Configuration Profiles

CONFIG_PROFILES = {
    "development": {
        "log_level": "DEBUG",
        "storage_backend": JSONFileStore(),
        "enable_auto_management": False
    },
    "production": {
        "log_level": "WARNING",
        # VectorStore created with auto-detected embedding dimensions
        "storage_backend": lambda: VectorStore(
            index_file="./data/production_vectors",
            embedding_function=create_embedding_function(),
            embedding_dim=create_embedding_function().get_embedding_dim()
        ),
        "enable_auto_management": True,
        "auto_prune_threshold": 10000
    },
    "testing": {
        "log_level": "ERROR",
        "storage_backend": JSONFileStore(file_path=":memory:"),
        "enable_auto_management": False
    }
}

def create_config_from_profile(profile_name: str, **overrides) -> MemorySystemConfig:
    """Create configuration from predefined profiles"""
    if profile_name not in CONFIG_PROFILES:
        raise ValueError(f"Unknown profile: {profile_name}")

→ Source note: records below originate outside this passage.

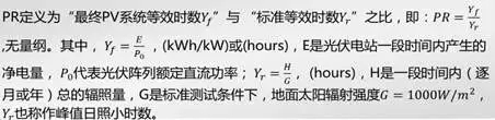 PR還可以表示為光伏電站發(fā)電量與基于光伏方陣額定功率的直流發(fā)電量的比值,因此,性能比還可以定義為光伏電站綜合能量效率。
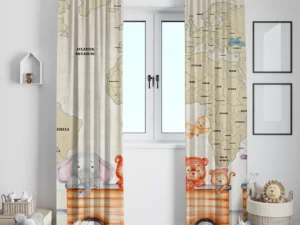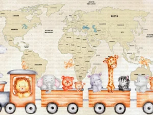 Hayvanlarla Tren Yolculuğu Dünya Haritası Macerası Fon Perde
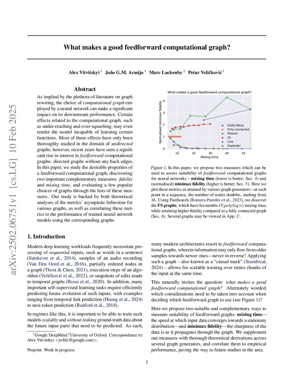 As implied by the plethora of literature on graph rewiring, the choice of computational graph employed by a neural network can make a significant impact on its downstream performance. Certain effects related to the computational graph, such as under-reaching and over-squashing, may even render the model incapable of learning certain functions. Most of these effects have only been thoroughly studied in the domain of undirected graphs; however, recent years have seen a significant rise in interest in feedforward computational graphs: directed graphs without any back edges. In this paper, we study the desirable properties of a feedforward computational graph, discovering two important complementary measures: fidelity and mixing time, and evaluating a few popular choices of graphs through the lens of these measures. Our study is backed by both theoretical analyses of the metrics' asymptotic behaviour for various graphs, as well as correlating these metrics to the performance of trained neural network models using the corresponding graphs.
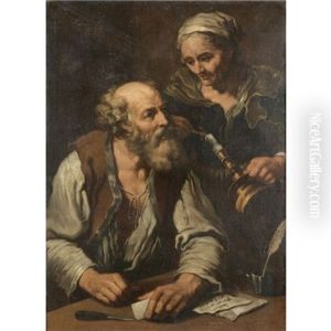 An Interior With An Elderly Lady Holding A Candle Looking Over The Shoulder Of An Elderly Gentleman Seated At A Table
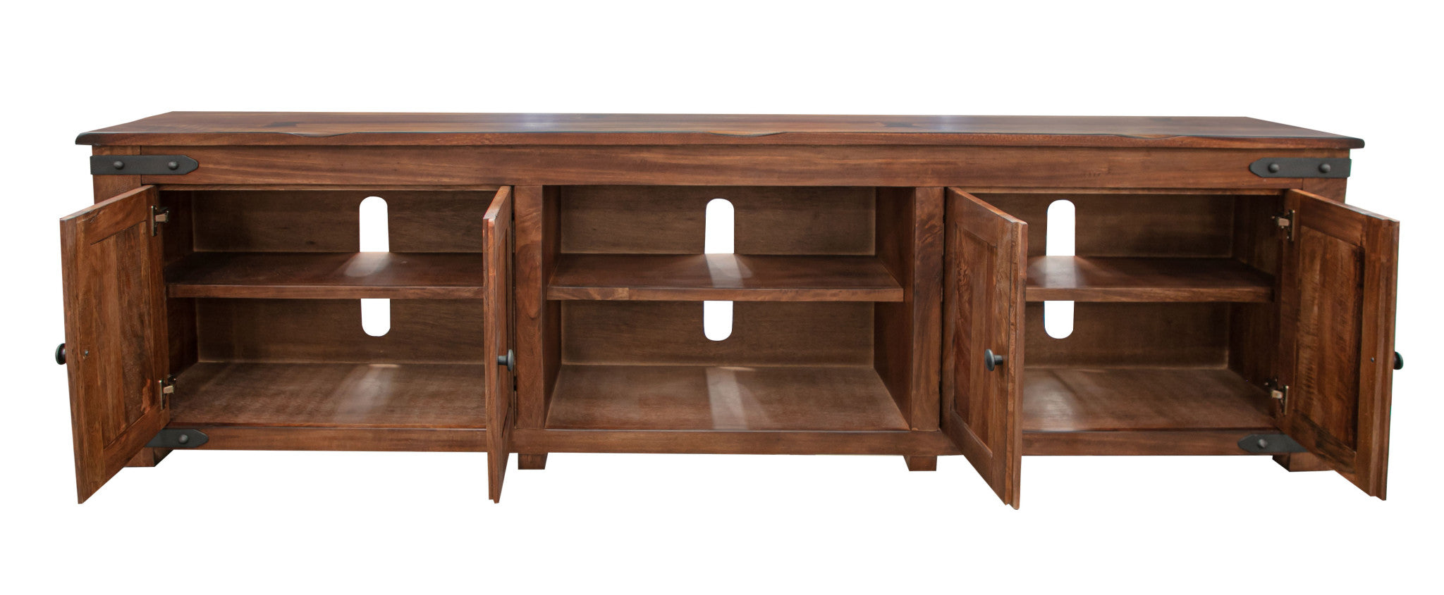 Practical, space saving, and good looking, this 93" brown solid wood cabinet enclosed storage distressed tv stand...
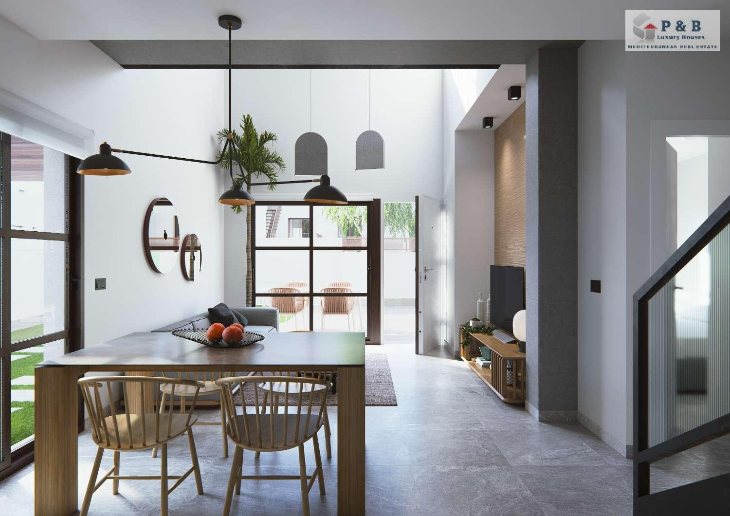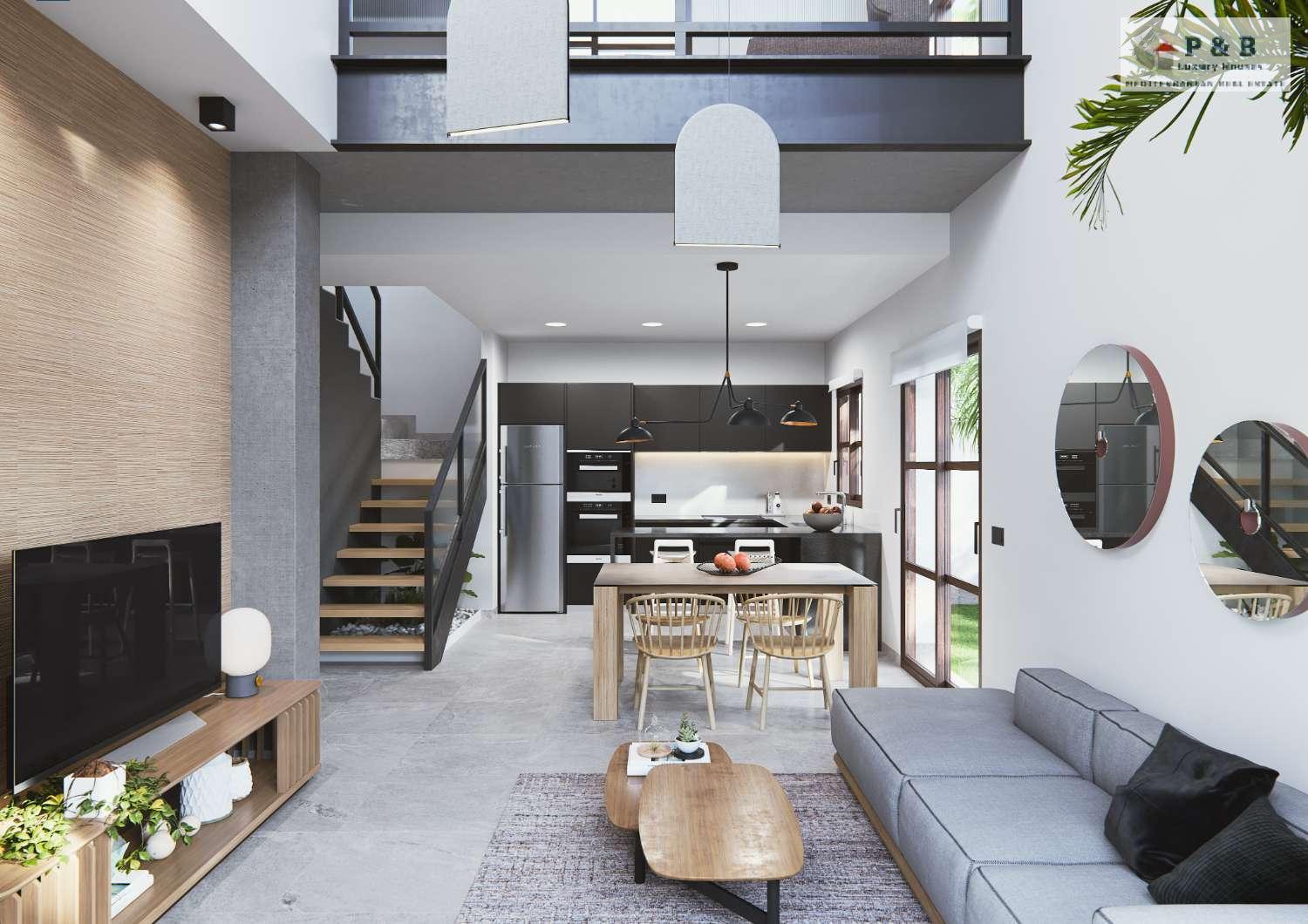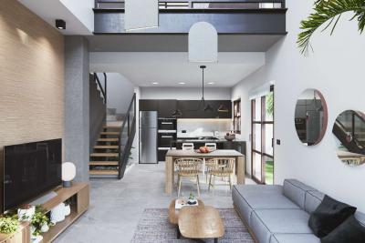 Nuestro Residencial Thai IV se compone de cuatro exclusivos dúplex diseñados en estilo industrial, con materiales nobles de tipo hierro y hormigón. Cuentan con salón a doble altura, mucha luz, piscina privada, zona de aparcamiento dentro de su parcela, así como un espacioso solárium en la tercera planta.

    profile_config = CONFIG_PROFILES[profile_name].copy()
    profile_config.update(overrides)

    return MemorySystemConfig(**profile_config)

# Usage
config = create_config_from_profile("production", memory_base_url="custom-url")

🚨 Common Configuration Pitfalls

1. LLM Connection Issues

# ❌ Wrong: Missing protocol
config.memory.base_url = "localhost:11433"

# ✅ Correct: Include protocol
config.memory.base_url = "http://localhost:11433"

2. Storage Backend Mismatches

# ❌ Wrong: Hardcoded dimension that doesn't match your embedding model
embedding_func = create_embedding_function()  # Returns 768-dim embeddings
config.storage_backend = VectorStore(
    index_file="./data/vectors",
    embedding_function=embedding_func,
    embedding_dim=512  # Wrong! Mismatch with embedding function
)

# ✅ Correct: Use auto-detected dimension from embedding function
embedding_func = create_embedding_function()
config.storage_backend = VectorStore(
    index_file="./data/vectors",
    embedding_function=embedding_func,
    embedding_dim=embedding_func.get_embedding_dim()  # Auto-detects 768
)

# ✅ Also correct: Use MEMEVOLVE_EMBEDDING_DIMENSION to override
# Set in .env: MEMEVOLVE_EMBEDDING_DIMENSION=1024
embedding_func = create_embedding_function()
config.storage_backend = VectorStore(
    index_file="./data/vectors",
    embedding_function=embedding_func,
    embedding_dim=embedding_func.get_embedding_dim()  # Uses 1024 from env
)

3. Memory Leak Prevention

# ❌ Wrong: No management in production
config.enable_auto_management = False  # Memory will grow indefinitely

# ✅ Correct: Enable management
config.enable_auto_management = True
config.auto_prune_threshold = 5000

4. Retrieval Strategy Conflicts

# ❌ Wrong: Incompatible strategy/backend combination
config.storage_backend = JSONFileStore()  # No vector search
config.retrieval_strategy = SemanticRetrievalStrategy()  # Requires vectors

# ✅ Correct: Compatible combinations
config.storage_backend = VectorStore()
config.retrieval_strategy = HybridRetrievalStrategy()

This configuration guide should help you optimize MemEvolve for your specific use case and deployment environment.